Automobile Club de l'Ouest
- Official logo of L'Automobile Club de l'Ouest
- Abbreviation: ACO
- Formation: 1906
- Headquarters: Circuit de la Sarthe
- Location: Le Mans, France;
- Region served: International
- President: Pierre Fillon
- Associate President: Patrick Gruau; Marie Alvarez-Garzon; Dominique Foussier; Gilles Huttepain;
- Secretary: François Bourdin
- Staff: 400
- Website: lemans.org

= Automobile Club de l'Ouest =

Automotive group in France

The Automobile Club de l'Ouest (English: Automobile Club of the West), sometimes abbreviated to ACO, is the largest automotive group in France. It was founded in 1906 by car building and racing enthusiasts, and is most famous for being the organising entity behind the annual 24 Hours of Le Mans race. The ACO also lobbies on behalf of French drivers on such issues as road building and maintenance, the availability of driving schools and road safety classes, and the incorporation of technical innovations into new vehicles. It also runs a roadside assistance service for its members.

==History==
The ACO's history begins with the Automobile Club de la Sarthe, the ancestor of today's ACO, which was founded in the town of Le Mans. In 1906 that group included Amédée Bollée and Paul Jamin, winner of the 1897 Paris-Dieppe race in a Léon Bollée tricar. With the help of the larger Automobile Club de France they organised a race on local public roads, on a 65-mile triangular course connecting Le Mans with Saint-Calais and La Ferté-Bernard. The 12-lap race, titled the Grand Prix de l'ACF, was held over two days and won by Ferenc Szisz driving a Renault, This race, the first Grand Prix, would eventually become the French Grand Prix.

After World War I, the ACO turned its attention to designing a shorter circuit on public roads to the south of the city. The organisation's chief secretary Georges Durand, together with magazine editor Charles Faroux of La Vie Automobile and tyre manufacturer Emile Coquille, came up with the idea for a 24-hour race. The first 24 Hours of Le Mans was held on 26 May 1923. The very first entry was lodged with the ACO by John Duff on a Bentley.

=== World War Two and aftermath ===
The Le Mans circuit was occupied by the Royal Air Force in 1940 and then by the Germans at the end of that year. Le Mans was liberated in August, 1944, but it was almost five years before the 24 Hours took place again.

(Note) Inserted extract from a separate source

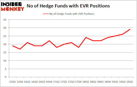 At the end of the third quarter, a total of 29 of the hedge funds tracked by Insider Monkey were bullish on this stock, a change of 12% from one quarter earlier. By comparison, 22 hedge funds held shares or bullish call options in EVR a year ago. So, let’s review which hedge funds were among the top holders of the stock and which hedge funds were making big moves.

Following the war, the grounds of the ACO and the circuit were in ruins, bombed by the Allies and further destroyed by the Germans. The ACO set about the task of reconstruction, aided by Government Minister and Sarthe députée Christian Pineau who provided the first millions. In addition the ACO launched a loan. In 1946 the British Racing Drivers' Club opened a "Le Mans Fund" for the benefit of the ACO, raising a grand total of £358 and 11 shillings, to assist with the rehabilitation of the facilities at the Le Mans circuit.

Rebuilding of the circuit started on February 7, 1949, and the first post-war event at Le Mans was held on 25-26 June of that year. Pineau, standing beside Charles Faroux, gave the starting signal. Two new spectator stands were named for racing drivers and resistance fighters Robert Benoist and Jean-Pierre Wimille.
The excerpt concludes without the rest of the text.